I believe implementation of the idea by myself to be immoral, but am conflicted on the ethics of simple disclosure, which I believe would lead to its’ implementation by others with more flexible ethics.
Altruistic silence is probably my default position, but from a strictly rational standpoint, is there some way to get paid for my continued silence (other than with the joy of living in a world ignorant of this idea)?
Edit per request from the comments, I work in an industry related to one of the ones EA has identified as harmful. I view this particular idea as similarly harmful to ‘a proposal for a marketing campaign that would be substantially more effective than existing marketing campaigns at convicing children and teenagers to start using nicotine’ (I do not work in the nicotine industry, and the analogy is imperfect because I think that countermeasures could be developed to a marketing tactic). As my subfield is arcane enough that there are not many people likely to run across my own idea, and if I keep quiet (which I intend to do), there is a good chance that it will not be discovered by someone else.
Unfortunately, my only motivation for staying quiet here is altruism, for others in similar circumstances, how could they be incentivized by the world at large to avoid disclosure of unambiguously harmful ideas?
https://slatestarcodex.com/2013/06/14/the-virtue-of-silence/
This belies a misunderstanding of what ‘rational’ means. Rational does not mean homo economicus, it means doing what a person would actually want to do on reflection if they had a good understanding of their options.
I doubt your idea is actually that dangerous, so I’m treating this as a hypothetical. But in general if your idea is dangerous and you want hush money to keep silent about it then this is really more like a blackmail threat than anything else. I think you should reflect on what life decisions you’ve made that posting what amounts to a “it’d be a real shame if...” threat on a public forum seems like a good idea.

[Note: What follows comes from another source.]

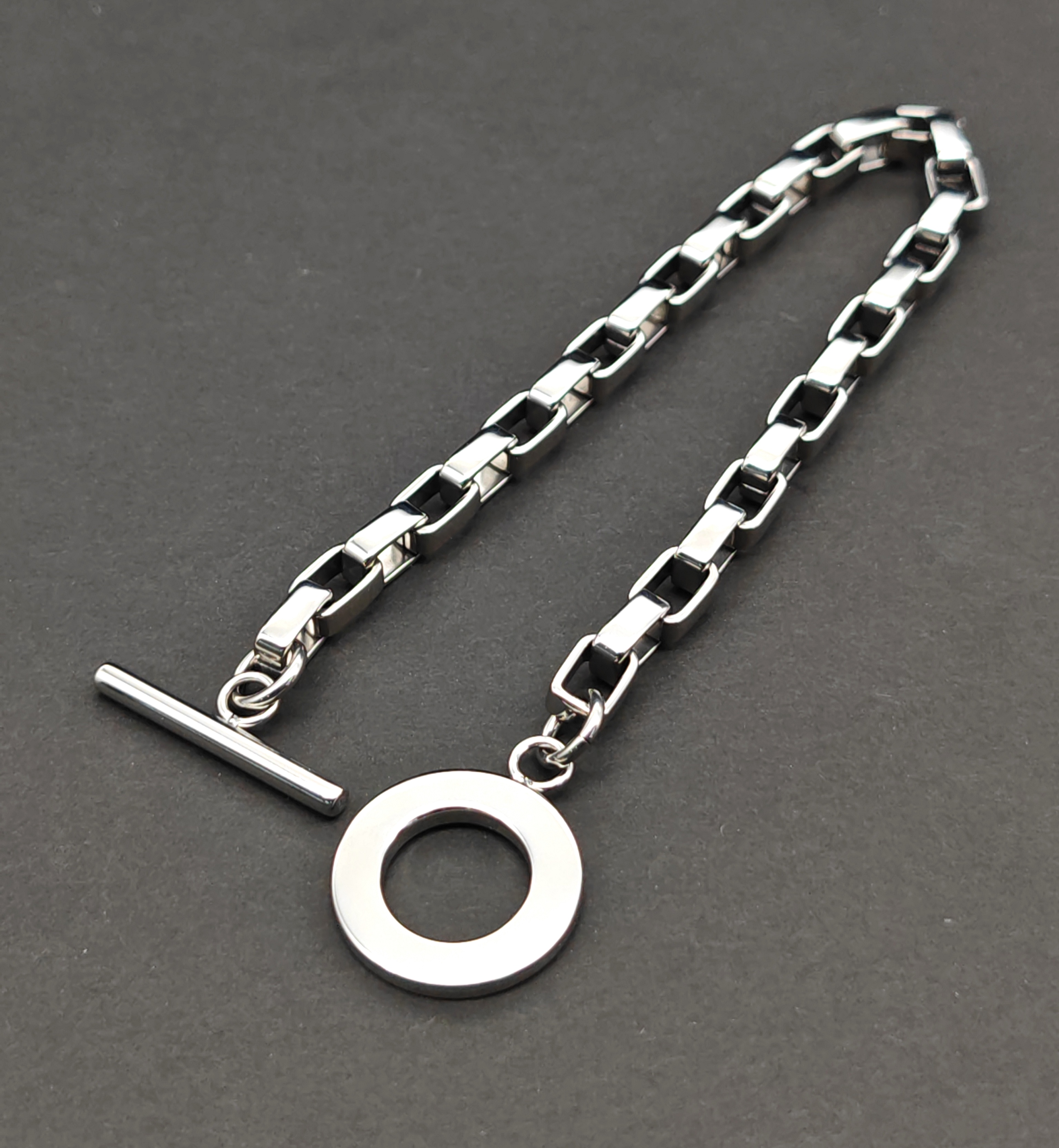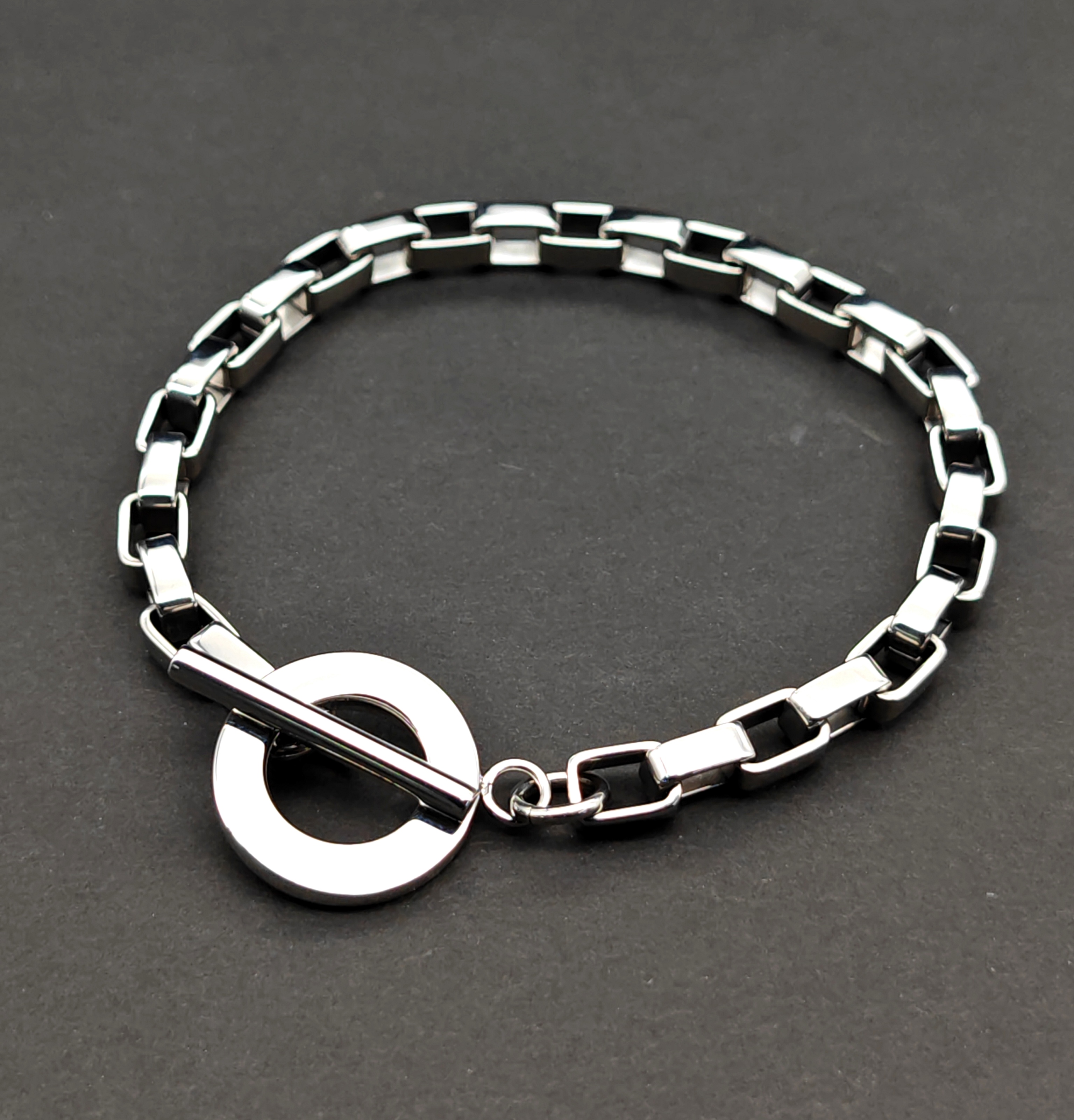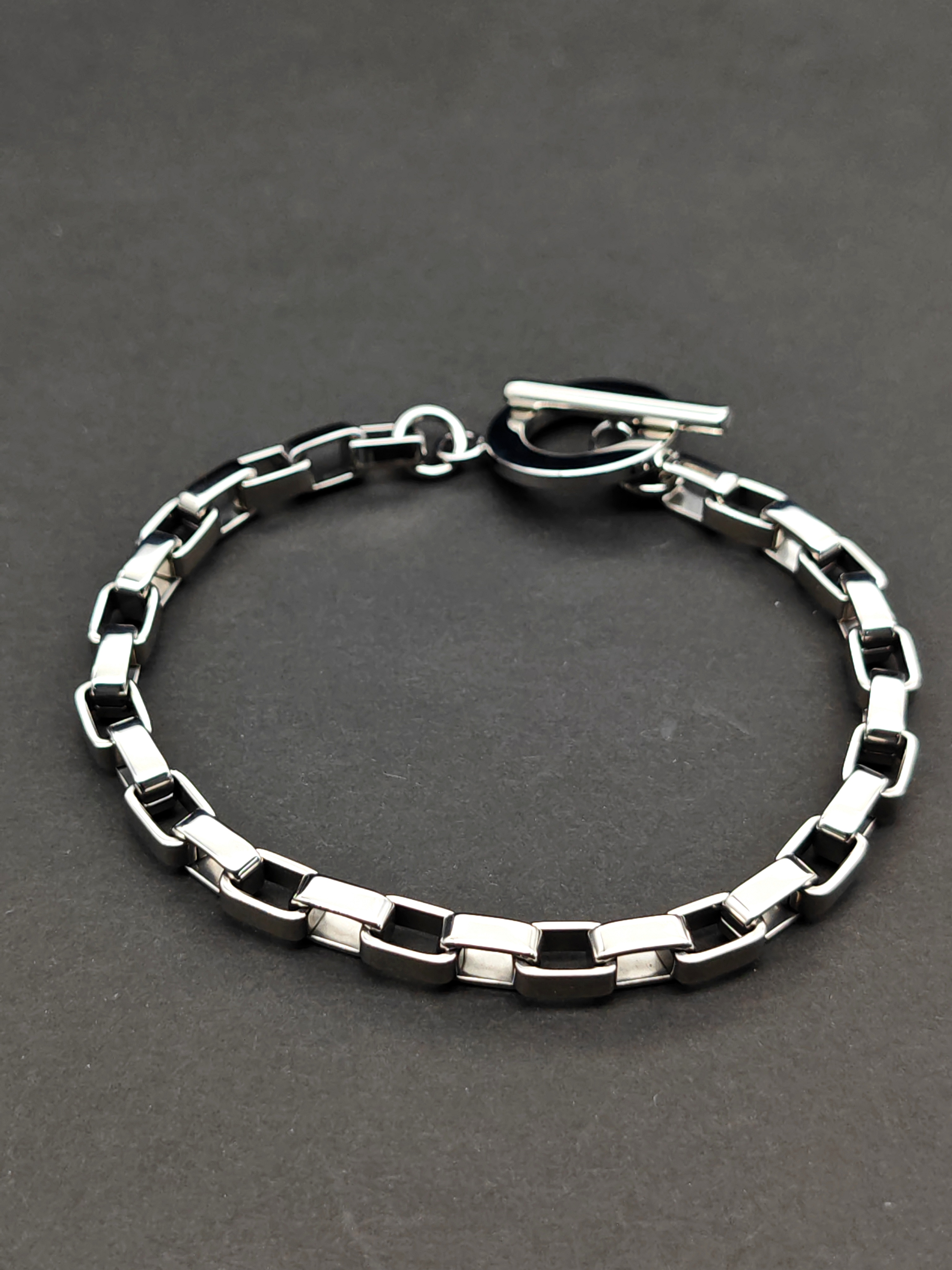 6mm光令鋼色長方盒型鏈手鏈(B855S)Steel Polish 6mm Long Box Chain Bracelet

And while you’re at it, delete this.
I am holding a lot of dangerous knowledge and am encumbered by a variety of laws and non-disclosure agreements. This is not actually uncommon. So arguably, I am already being paid to keep my mouth shut about a variety of things, but these are mostly not original thoughts. This specific idea is, in my best judgement, both dangerous, and unencumbered by those laws and NDAs.
The assertion that my default position is ‘altrusitic silence’ means that this is not ‘posting a threat on a public forum’. It would be a real shame if a large variety of things that are currently not generally known were to become public. While I would indeed like to be paid not to make them public (and, as previously stated, in some cases already am), this should not be taken as an assertion to the reader, that if they fail to provide me with some tangible benefit, that I will do something harmful.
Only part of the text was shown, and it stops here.